Piloting the classroom atmosphere ratings of the ASKER System

The classroom atmosphere ratings of the ASKER system were used as the starting point for the development and adaptation of the current assessment tool. Thirty-minute observations are conducted, resulting in ratings for three domains of classroom functioning: (a) Disruptive Behavior and Compliance (e.g., student level of compliance, students handle transitions well, and students consistently follow rules appropriate to settings); (b) Cooperation, Communication, and Problem-Solving (e.g., students level of cooperation, students attempting problem-solving, and students express feelings appropriately); and (c) Classroom Interest Level, Focus, and Responsiveness (e.g., students level of interest/enthusiasm, classroom is responsive to individual differences in students’ needs). Ratings are made on a 5-point scale, corresponding to the level of the observed behavior (1 = very high to 5 = very low).

Coders practiced the ASKER system for several months, while also obtaining ongoing consultation from the aforementioned advisory group. Their experience suggested that the ASKER’s target behaviors were important and relevant dimensions of class climate for the urban under-resourced elementary school classrooms. However, some of the ASKER’s target behaviors, especially in the Cooperation/Communication/Problem-Solving Domain, were infrequent and/or challenging to observe. For instance, students attempt at problem-solving was rarely observed and difficult to judge without having spent considerable time within a classroom prior to the observation period. Second, students consistently follow rules appropriate to the setting (within the Disruptive Behavior/Compliance Domain) required in-depth knowledge of the classroom and/or teacher practices and varied considerably by class. Third, the rating scale was somewhat confusing because it was anchored based upon a combination of the frequency of occurrence along with a percentage of the observation period in which the behavior occurred. Fourth, the ASKER system did not have any codes directly related to the teachers’ behavior (e.g., use of praise and reprimands). Finally, our observation team and our teacher partners felt classroom climate often changed over short periods, and as such, it seemed too long to wait 30 minutes before coding. Teachers suggested that 10-minute intervals would be most appropriate for recording the majority of classroom climate variables. Given these challenges, the research team further utilized the PAR paradigm to adapt this theoretically-grounded and empirically supported system through extensive feedback from key stakeholders.

Revised Classroom Climate Assessment Tool (C-CAT)

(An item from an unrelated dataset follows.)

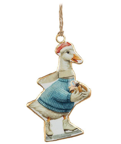 Add some quirky charm and nostalgic style to your holiday decor with this delightful Skating Goose Ornament. Crafted out of metal, this glossy, double-sided ornament features a beautifully painted goose dressed for winter fun, ice skates and all, for a fetching complement to any Christmas tree.

Based upon the previous PAR process, researchers included in the revised assessment tool only two domains of the initial ASKER system: Disruptive Behavior and Compliance Domain and Classroom Responsiveness Domain (see Table 1). The Disruptive Behavior and Compliance Domain is comprised of four primary target behaviors: (a) Noncompliance/Disruptive Behavior, (b) Teacher Reprimands, (c) Transition in Classroom Teaching, and (d) Interruption in Classroom Teaching. The occurrence of each of these behaviors was recorded and tallied for each 10-minute interval. For Noncompliance/Disruptive Behavior, the frequency of five sub-behaviors (arguing, fighting, loud talking/yelling, horseplay, and defiance) was recorded such that one instance was recorded any time a child or group of children exhibited these behaviors. For the Teacher Reprimand code, coders wrote down and tallied any time a teacher responded to a child or group of children with a reprimand or redirection. This code was based solely on the individual teacher behavior and was independent of student behavior, which was an important distinction highlighted by the stakeholder group since teachers have varying thresholds for the use of reprimand and/or redirection. Finally, the number of transitions between different teaching topics or activities and the number of interruptions to the classroom teaching environment were also recorded, however, these are not discussed because they are not the focus of the current article.

Table 1.

Primary Domains and Behaviors Recorded in the Classroom Climate Assessment Tool

Primary
Domain
Behavioral Codes Sub-behaviors How Recorded Comments
Disruptive Behavior & Compliance Noncompliance/Disruptive Behavior
  • Arguing

  • Fighting

  • Loud talking

  • Horseplay

  • Defiance

Behaviors are recorded and tallied per 10- minute interval Any time a child or group of children exhibit behavior it is coded

Teacher Reprimand
  • Any reprimand or redirection exhibited by teacher

Behaviors are recorded and tallied per 10- minute interval This behavior is based solely on the teacher’s behavior
This is a new code in the adapted system

Classroom Responsiveness Teacher Praise
  • Verbal or nonverbal praise

  • Teacher assistance

  • Teacher encouragement

Behaviors are recorded and tallied per 10- minute interval This is a new code in the adapted system

Classroom Level of Interest/Enthusiasm
  • How interested and enthusiastic the class appears to be

Code is rated on a 3-point scale every 2 minutes, and summed every 10 minutes Coded based upon whether the majority, about half, or minority of students are enthusiastic and interested in teaching content

Classroom Level of Focus/Being on Task
  • How focused and on-task the students appearto be

Code is rated on a 3-point scale every 2 minutes, and summed every 10 minutes Code indicates whether majority, about half, or minority of students are focused and on task with teaching content

For the Classroom Responsiveness Domain, three target behaviors were coded: (a) Teacher Praise, comprised of verbal or nonverbal praise and teacher assistance or encouragement, (b) Classroom Level of Interest/Enthusiasm, and (c) Classroom Level of Focus and Being On-Task. For Teacher Praise, coders recorded and tallied the number of times teachers exhibited these behaviors within each 10-minute observation period. Teacher feedback on the other two target behaviors suggested that these behaviors change across shorter intervals than 10 minutes. In response, researchers rated each of these codes every two minutes during the 10-minute observation period on a 1 to 3 scale, consisting of 1 = the majority of students are demonstrating this behavior, 2 = about half of the students are exhibiting these behaviors, or 3 = a minority of students are demonstrating these behaviors. A total score for these two variables was derived by tallying the ratings across the five two-minute periods.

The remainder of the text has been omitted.